3.2 Imaging data set
For a realistic evaluation case, we applied the techniques to a biological data set [25] consisting of 2888 cells with 186 cell texture and shape features from time lapse microscopy experiments, where 8 different cell cycle stages have been manually annotated. The data comes from three experiments, with 1468, 726, and 694 cells, respectively. It is important to note that the experiments differ regarding the microscope objectives and the magnification factor (10x for experiments 1 and 3, and 20x for experiment 2) used, and were conducted by different lab technicians [25]. The different techniques were trained and tested in a one-vs-all manner on the 8 cell cycle stages (where each stage is treated as a separate class). We always picked two experiments to represent the source domains and the remaining experiment as the target domain. We tested all three possible combinations of two source domains and one target domain. All data from the source domains together with the data from the target train set were centered and scaled to unit variance. Subsequently, we applied a principal component analysis (PCA) to the data, (i) keeping only factors explaining 98% of variance (reducing the number of features to roughly 20-30), and (ii) keeping only the 16 highest loaded principal components. We used 4-fold cross-validation and a grid search to select parameters and subsequently evaluated performance on a test set in the target domain. The procedure was repeated 50 times for different target training set sizes of 100, 120, 150, 200, 250, 300, and 400 samples in order to obtain robust estimates for variable performance, especially when using small training set sizes. Independent of the amount of data available in the target domain, we used a fixed-sized test set with 240 samples for performance evaluation, which was randomly chosen for every iteration and for every new training set. In order to evaluate and compare performance of techniques, we chose the microaveraged AUC. Using this metric, class imbalances were taken into account by computing cumulative values for true positives, false negatives, true negatives and false positives for every label and then computing the performance measure from the aggregated values [24]. We compared three different base classifiers, namely a linear SVM [23], an RBF kernel SVM [22], and a random forest classifier [26].
We found that the EasyAdapt technique is particularly robust when working with a small set of training samples in the target domain and consistently performed among the top techniques in the regime of small training set sizes (Fig. 4). As expected, with increasing training set size the Target technique catches up and for 400 training samples (the maximum training set size in the study), the performance for this technique was among the best performing techniques. In general performance improved for all techniques with increasing training set size with exception of the Source technique, which was not trained with any of the target domain data. Results from all experiments are summarised in Table 1, showing the performances of the five learning techniques across three different base classifiers, two different feature selection methods and three different target domains (each combination of a base classifier, a feature selection method and a target domain is referred to as a ‘setting’ below).

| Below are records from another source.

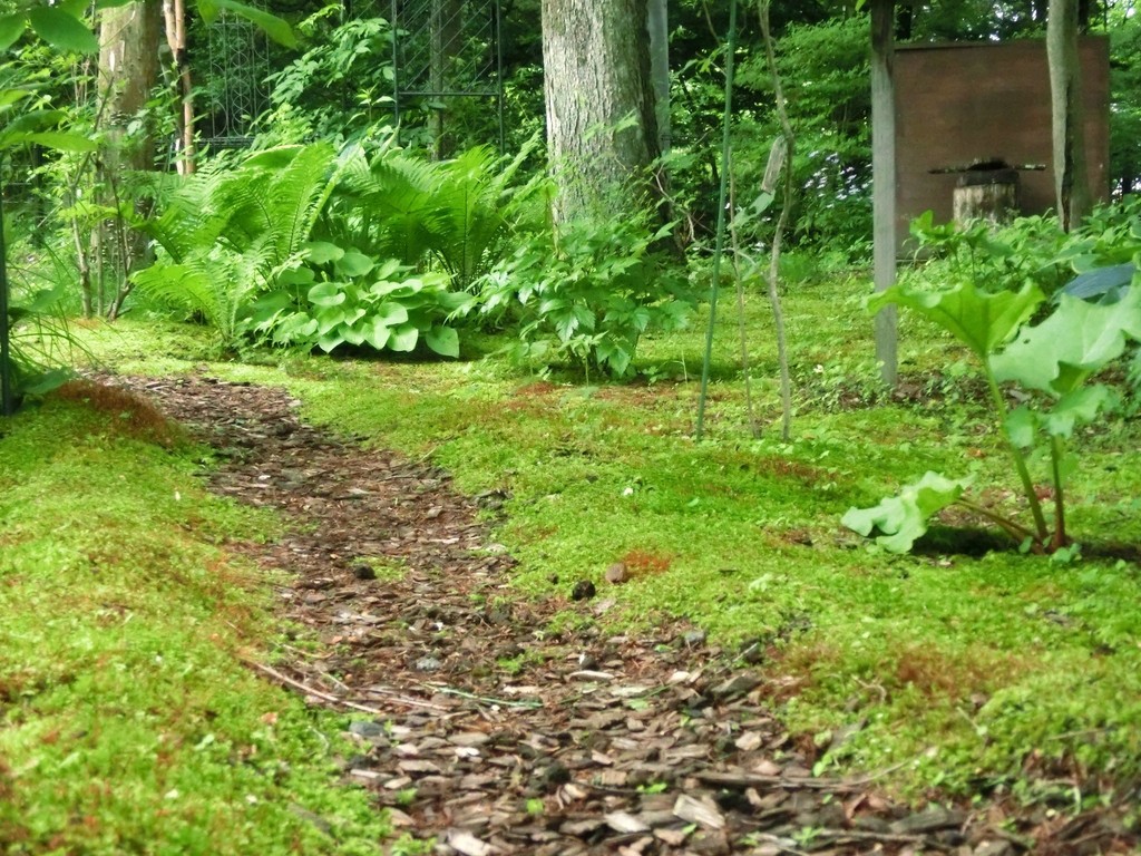 大木の木陰になる苔庭にはギボシやクサソテツ、レンゲショウマなどを中心に日陰を好む植物を中心に植えています。
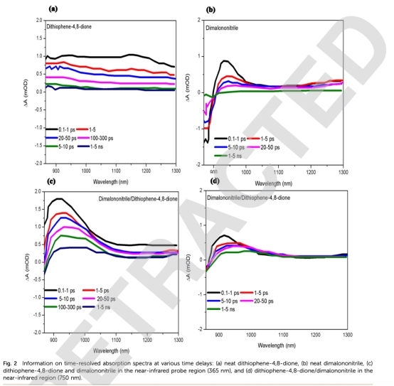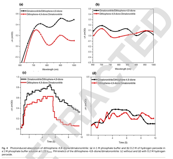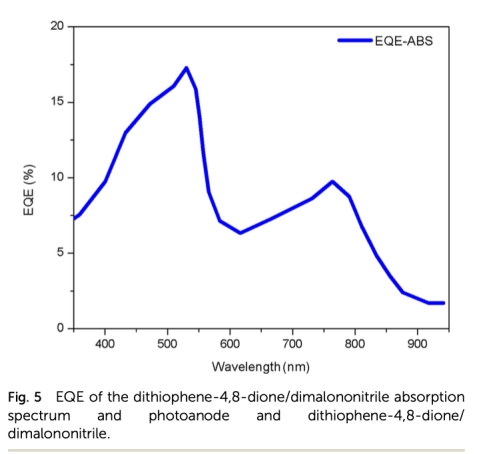 光學(xué)吸收特性: 測量了二噻吩-4,8-二酮和二丙二腈的吸收系數(shù)(圖1)。意義:確定材料的光捕獲能力,為選擇激發(fā)波長和理解光生電荷產(chǎn)生提供基礎(chǔ)。
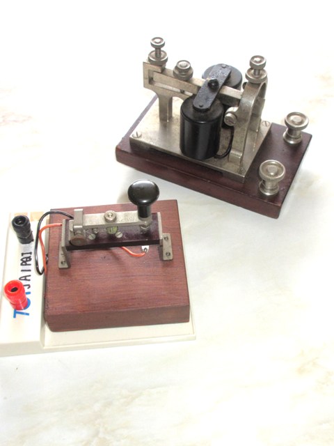CW KEYの準備 電報での送受をモールスで行っていた時代の受信機と送信Key
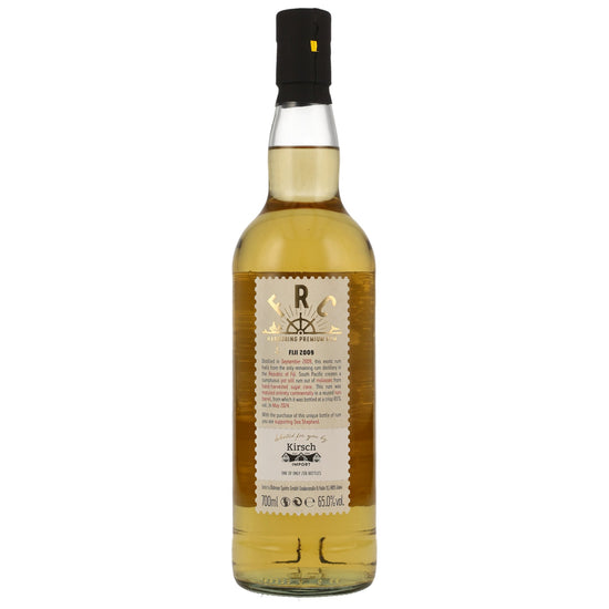 Decorated with a blue whale, the Fiji 2009/2024 was distilled over 14 years ago at Fiji's last remaining rum distillery: South Pacific. Molasses, pot stills, a rum barrel, and a crisp 65% ABV make it a luscious, exotic experience.
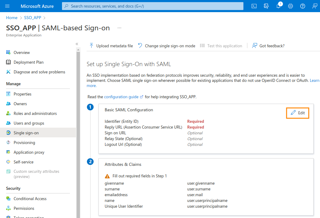 8. Next, click on Basic SAML Configuration on the pen icon to edit.
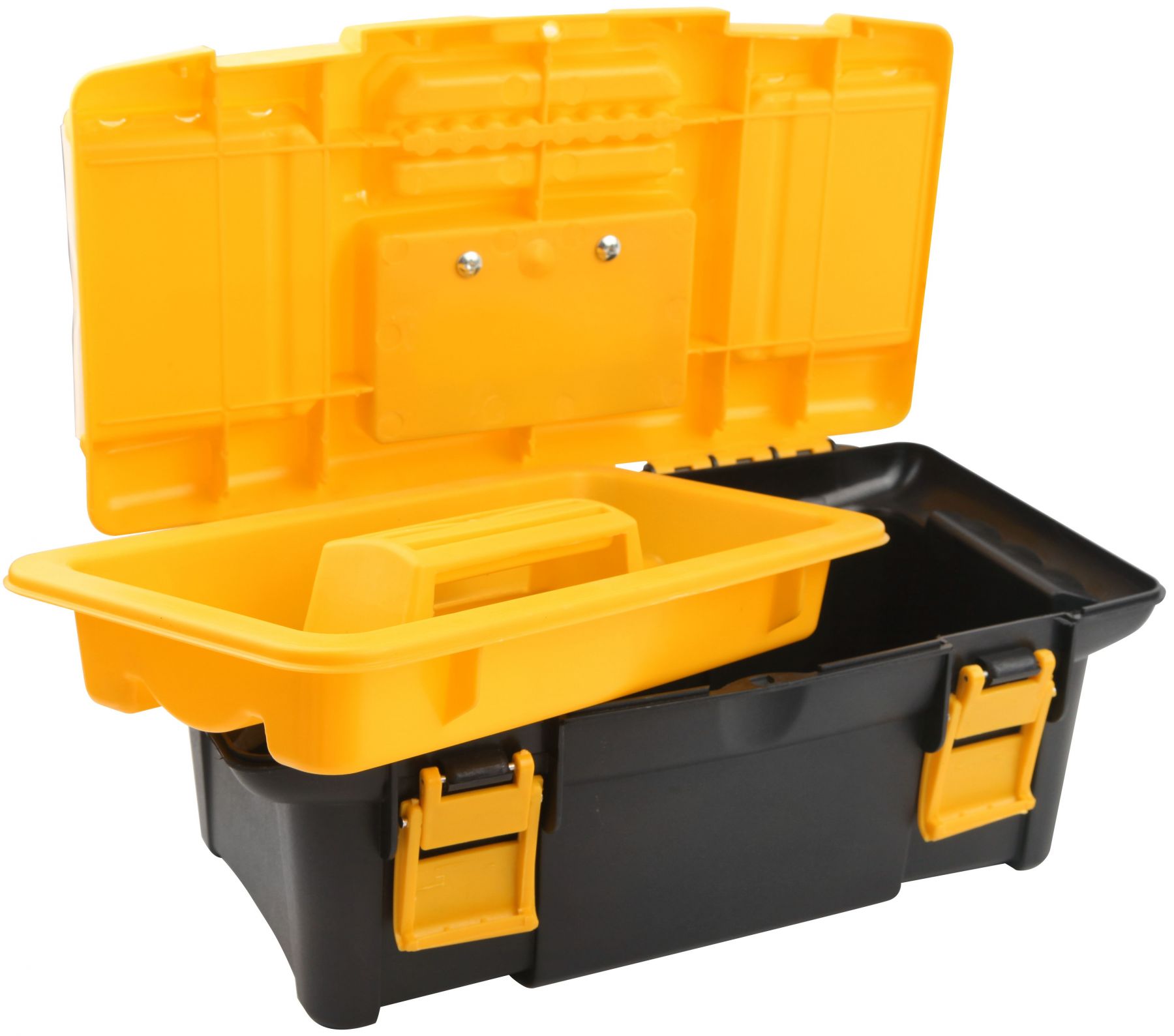 Інструментальний пластиковий ящик вагою 670 г призначений для зручного зберігання і переносу інструментів з місця на місце. Підходить для майстерні, гаражу, СТО тощо. Модель виконана в фірмових кольорах бренду Tolsen Tools. Ящик розмірами 340x180x130 мм оснащений 2-ма знімними органайзерами. Лоток з ручкою і 8-ма секціями дозволяє зручно розмістити інструмент по категоріях, що полегшує їх пошук для користувача.

To assess performance of the different techniques across training set sizes (Fig. 4), we measured the area under the curve for each of the 50 iterations for a given setting. This renders an aggregated performance for each train/test split across the range of training set sizes we used and gives us an estimate of performance for small to medium training set sizes. In contrast to the microaveraged AUC across different training set sizes, this measure takes into account the fact that we tested more smaller training set sizes (in the range of 100-200 samples) and is a more conservative measure than simple averaging in our case. This is achieved by weighting performance according to train set size sampling frequency. Additionally, we normalized performance, so that a perfect classifier would achieve an relative performance of 1, corresponding to an AUC of 1 for all training set sizes in the range from 100 to 400 samples. Fig. 5 shows the distribution of this performance measure for different techniques, classifiers and transfer directions. Across all settings, the EasyAdapt technique consistently showed superior performance over other techniques: Among 18 different settings, EasyAdapt ranked 15 times the best or tied for the best and 3 times as the second best. This not only demonstrates the effectiveness of knowledge transfer of EasyAdapt, but also shows its generality with respect to base classifiers and feature selection methods under different transfer situations. The second best technique was the Domain technique, with 8 times the best or tied for the best and 3 times in the second place. This indicated that in many cases the membership feature used by the Domain technique was also able to leverage some knowledge from related domains. The technique with the lowest performance was the Source technique, which ranked last in every setting.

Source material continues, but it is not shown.